Saved entries:
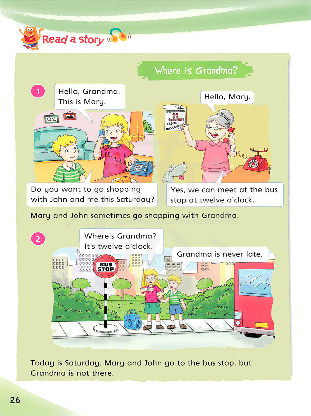 今天是星期六,玛丽和约翰去公交车站,但是奶奶不在那儿。
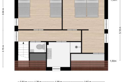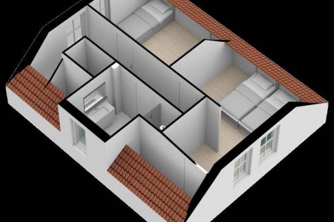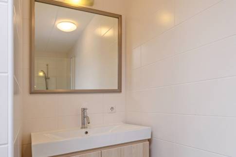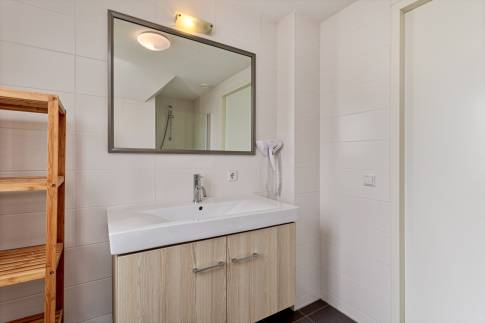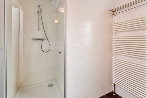 Middels de trapopgang bereik je de overloop die toegang geeft tot 2 ruime slaapkamers, een separaat toilet en een moderne badkamer. In deze badkamer bevindt zich een inloopdouche, een wastafel en handdoekradiator. In de grootste slaapkamer vinden we tevens nog een eigenarenkast.
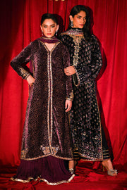 This elegant black discharge kurta set features a zardozi-embellished neckline and delicate handwork scattered throughout, enhanced with subtle gota details for a touch of shimmer. Paired with a medium silk izaar finished with gota edging and a matching discharge print dupatta, this ensemble strikes the perfect balance between timeless tradition and refined sophistication.
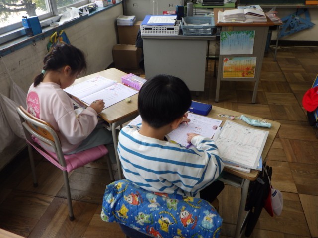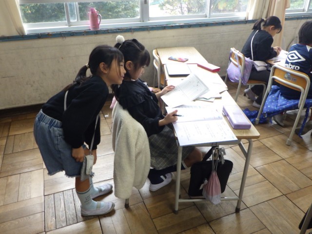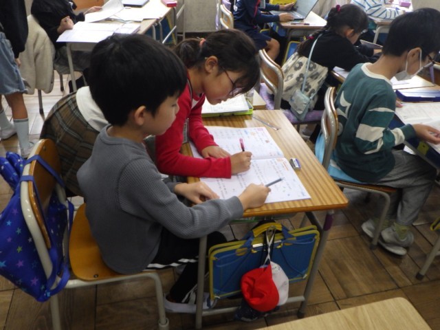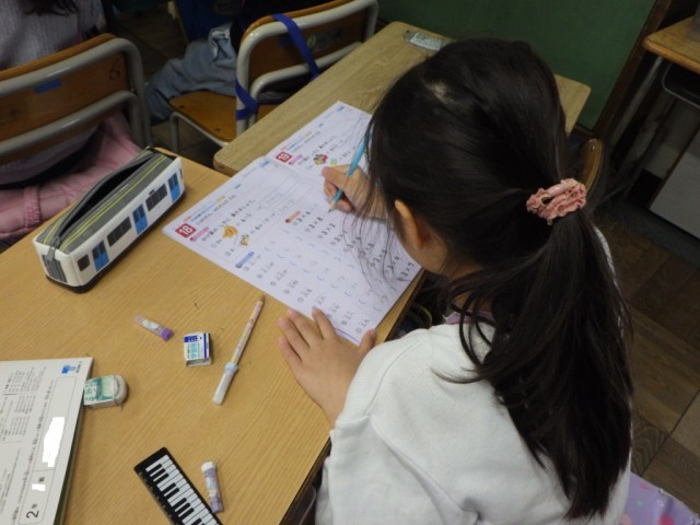 計算ドリルを自主的に進めました。わからないところは先生や友だちに聞いて解決していきました。
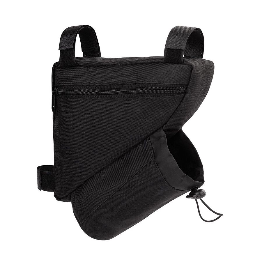 Велосипедная сумка из прочного полиэстера 600D на прорезиненной основе, легко закрепляется на раме велосипеда с помощью трех липучек.
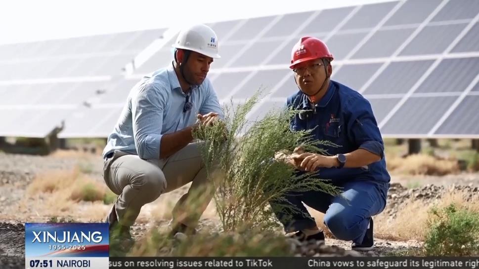 外籍主持人林肯探訪了全球最大的“草光互補”光伏基地——阿合雅光伏產(chǎn)業(yè)園。這片由181萬塊光伏板組成的藍色海洋,占地493公頃,相當于700個標準足球場。不僅能夠提供滿足約43萬人全年用電需求,還兼具治沙功效。中國華能集團烏什光伏電站負責人周博表示,這類光伏設施能夠穩(wěn)固土壤、防止侵蝕,板面凝結的水珠還可灌溉下方土地,支持植物持續(xù)生長?!案瓯谄孥E”的背后,是國家實現(xiàn)“雙碳”目標而推動的生態(tài)與能源的“雙向奔赴”。
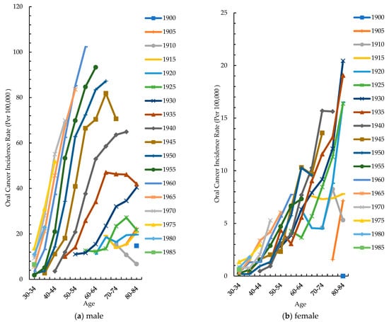 Age-specific incidence rates of oral cancer by birth year: (a) males, (b) females.
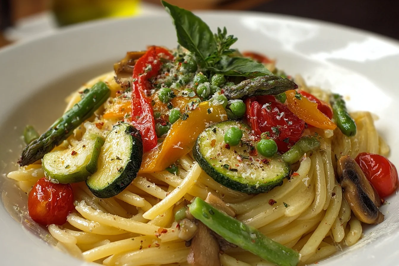 A vibrant and fresh pasta dish packed with seasonal vegetables and a light sauce.
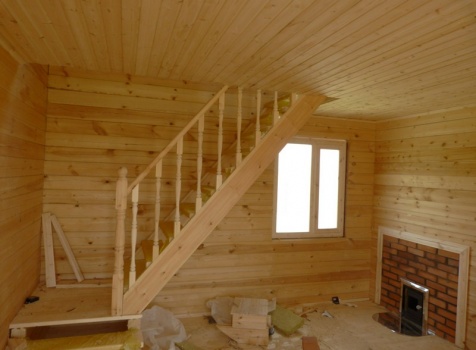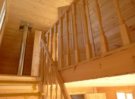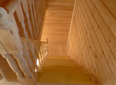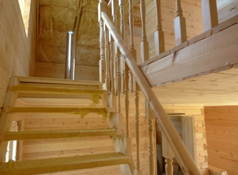 • Лестница двухмаршевая с точеными балясинами и перилами.
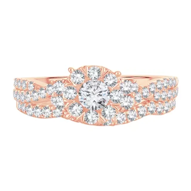 Womens 1 CT. T.W. Natural White Diamond 14K Rose Gold Round Bridal Set

__Task item__:
Every entry above has to be repeated exactly, apart from its pictures.

__Response area__:
 今天是星期六,玛丽和约翰去公交车站,但是奶奶不在那儿。
 Middels de trapopgang bereik je de overloop die toegang geeft tot 2 ruime slaapkamers, een separaat toilet en een moderne badkamer. In deze badkamer bevindt zich een inloopdouche, een wastafel en handdoekradiator. In de grootste slaapkamer vinden we tevens nog een eigenarenkast.
 This elegant black discharge kurta set features a zardozi-embellished neckline and delicate handwork scattered throughout, enhanced with subtle gota details for a touch of shimmer. Paired with a medium silk izaar finished with gota edging and a matching discharge print dupatta, this ensemble strikes the perfect balance between timeless tradition and refined sophistication.
 計算ドリルを自主的に進めました。わからないところは先生や友だちに聞いて解決していきました。
 Велосипедная сумка из прочного полиэстера 600D на прорезиненной основе, легко закрепляется на раме велосипеда с помощью трех липучек.
 外籍主持人林肯探訪了全球最大的“草光互補”光伏基地——阿合雅光伏產(chǎn)業(yè)園。這片由181萬塊光伏板組成的藍色海洋,占地493公頃,相當于700個標準足球場。不僅能夠提供滿足約43萬人全年用電需求,還兼具治沙功效。中國華能集團烏什光伏電站負責人周博表示,這類光伏設施能夠穩(wěn)固土壤、防止侵蝕,板面凝結的水珠還可灌溉下方土地,支持植物持續(xù)生長?!案瓯谄孥E”的背后,是國家實現(xiàn)“雙碳”目標而推動的生態(tài)與能源的“雙向奔赴”。
 Age-specific incidence rates of oral cancer by birth year: (a) males, (b) females.
 A vibrant and fresh pasta dish packed with seasonal vegetables and a light sauce.
 • Лестница двухмаршевая с точеными балясинами и перилами.
 Womens 1 CT. T.W. Natural White Diamond 14K Rose Gold Round Bridal Set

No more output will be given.